Two approaches are currently competing in image generation: diffusion models and autoregressive models. The former gradually remove noise from a picture, while the latter assemble it piece by piece, much like a puzzle – token by token. AMD decided to double down on the second option and released Nitro-AR, a compact transformer that operates faster and is lighter than many competitors.
What Is Autoregressive Generation Explained
What Is Autoregressive Generation?
Autoregressive models function by predicting the next element of an image based on everything they have already generated. This is similar to how language models write text – word by word. However, instead of words, these models use visual tokens that encode parts of the picture.
This approach isn't new, but for a long time, it lagged behind diffusion models in quality. The situation began to change when researchers learned how to more effectively convert images into tokens and train transformers on visual data.
How AMD's Approach Differs in Image Generation
What Did AMD Do Differently?
Nitro-AR is built upon the team's previous development – the Nitro model. The new version is more compact and quicker. The primary difference lies in its architecture and training method.
The model uses an improved tokenizer that more effectively compresses an image into a sequence of tokens. This allows the transformer to work with fewer elements and spend less time on generation.

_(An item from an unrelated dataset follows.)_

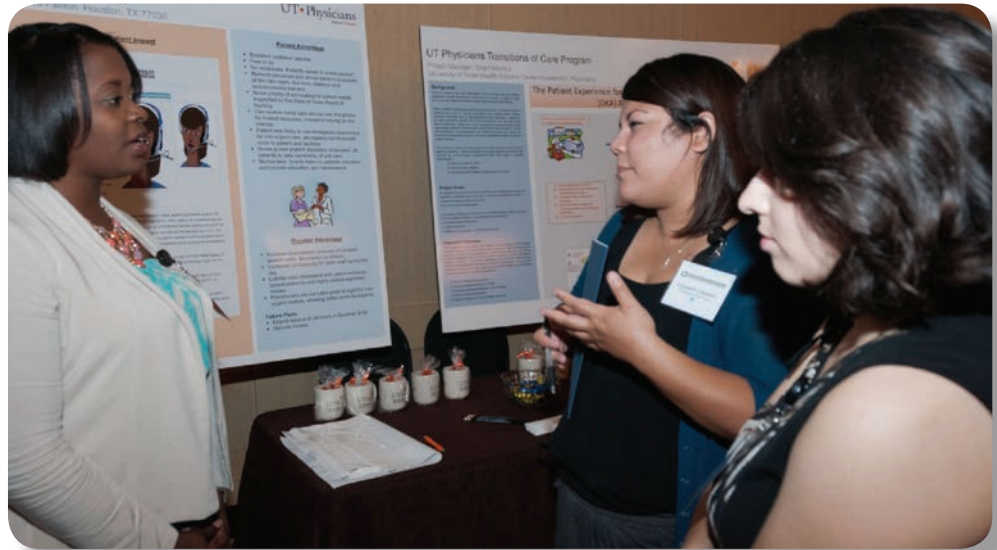
Growing Project Showcase participation.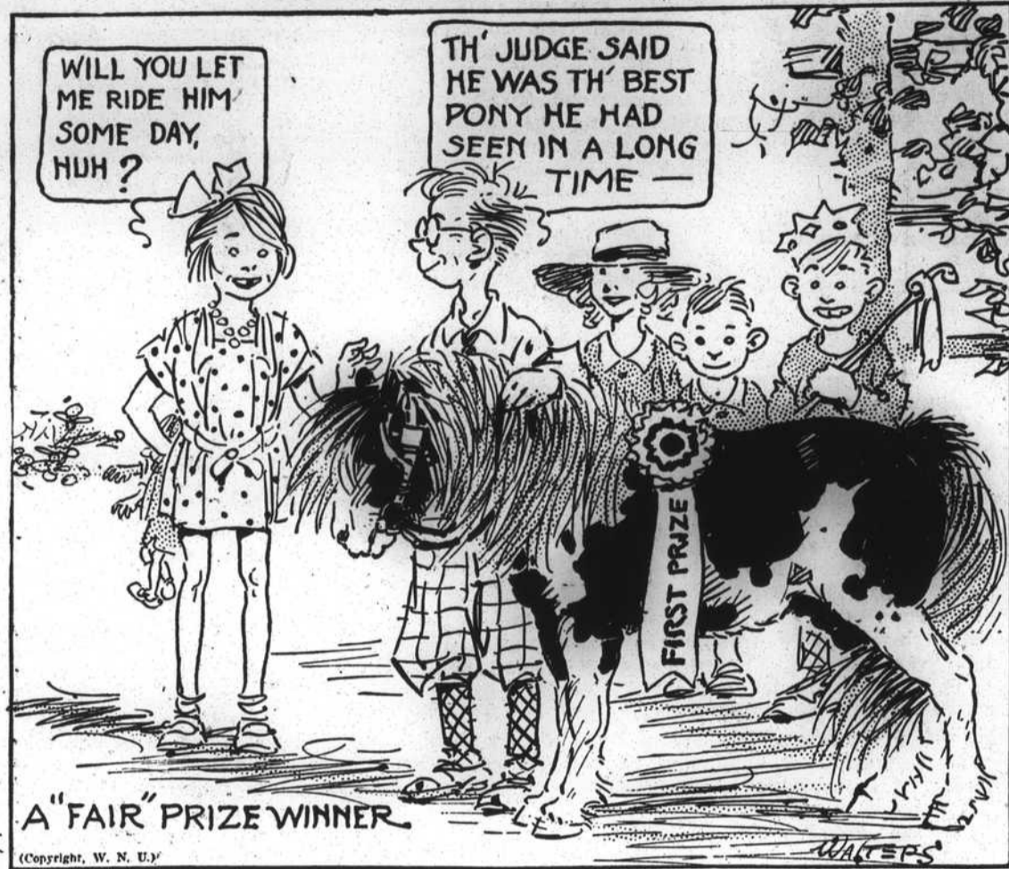
A "FAIR" PRIZE WINNER.

Another key point is that Nitro-AR was trained on resolutions up to 1024x1024 pixels, yet the model can generate images of even higher resolution. This makes it flexible for various tasks.

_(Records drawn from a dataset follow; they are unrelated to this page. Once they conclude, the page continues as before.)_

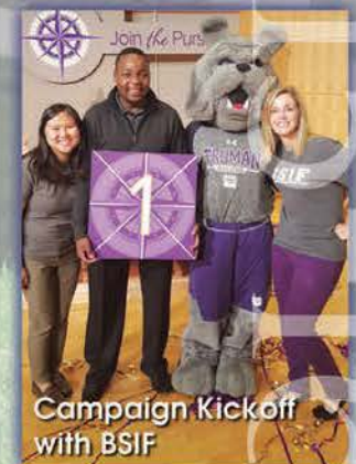
Campaign Kickoff with BSIF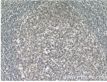
Immunohistochemical analysis of paraffin-embedded human tonsillitis tissue slide using 22303-1-AP (CCL18/MIP-4 antibody at dilution of 1:50 (under 10x lens).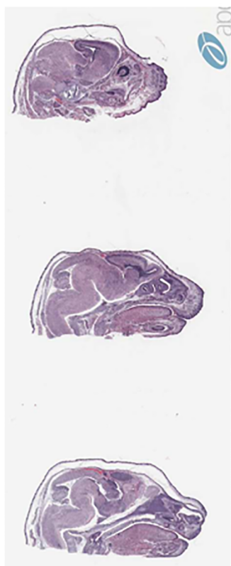
Csnk1 \delta Null #B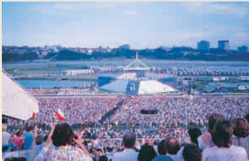
Worship: People from all walks of life attending mass at Sydney, Australia.

It is true that there are real Christians in the Roman Catholic communion. Thousands in that church are serving God according to the best light they have. They are not allowed access to his Word, and therefore they do not discern the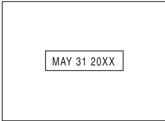
2910-P10 2" X 2-3/4"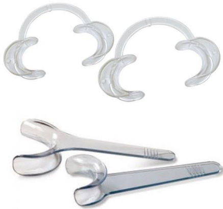
Autoclavable Cheek Retractor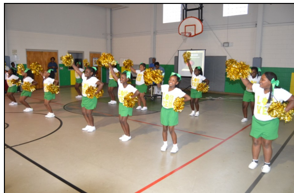
Central Elementary School cheerleaders perform during open house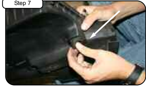
Step 7 Remove the 3 rubber grommets from the air box. (To be used in step 9.)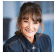
Maureen Adashun Jones, Inc.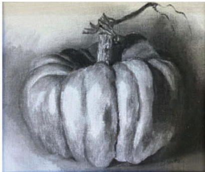
Special Merit: Dawn Halter Pre-Pumpkin Pie, Charcoal

Comments: Beautiful division of the space in the picture. The vibrant red color caught my eye to come close and see the details.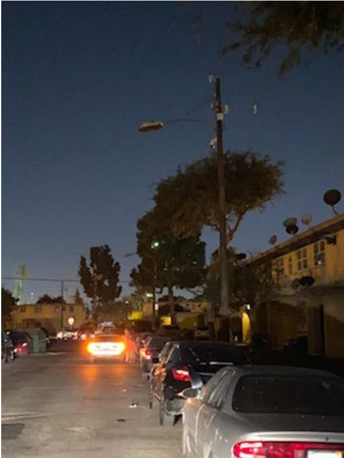
11307 Zamora St, north side of street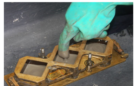
D.2. Puddle 5 times with gloved finger or tamping rod.

For information 1-800-243-2206 • FiveStarProducts.com

Why Speed and Size Are Crucial for Models
Speed and Size Matter
One of Nitro-AR's strong suits is its compactness. The model occupies less memory than many diffusion counterparts and operates faster during the generation stage. This is crucial for practical applications, especially when there's a need to deploy the model on limited hardware or generate many images in a short amount of time.
AMD notes that Nitro-AR shows competitive quality with lower computational costs. Simply put, you get a similar result, but faster and with fewer resource requirements.
Applications for Compact Autoregressive Models
Where This Can Be Useful
Compact autoregressive models are suitable for scenarios where speed is paramount: real-time content generation, embedding into applications, and running on devices with limited memory. Another advantage of the autoregressive approach is that it is easier to scale and combine with other tasks, such as text generation.
However, there are limitations. Autoregressive models are harder to train, they are sensitive to errors at early stages of generation, and it is more challenging to control the creation process on the fly – unlike diffusion models, where you can intervene at different steps.
Future of Autoregressive Image Generation Models
What's Next?
Nitro-AR represents another step in the development of autoregressive generation. While this approach hasn't yet supplanted diffusion models, it is becoming increasingly competitive. Perhaps in the future, we will see hybrid architectures that combine the strengths of both methods.
For now, AMD is demonstrating that autoregressive generation can be not only high-quality but also practical – fast and lightweight.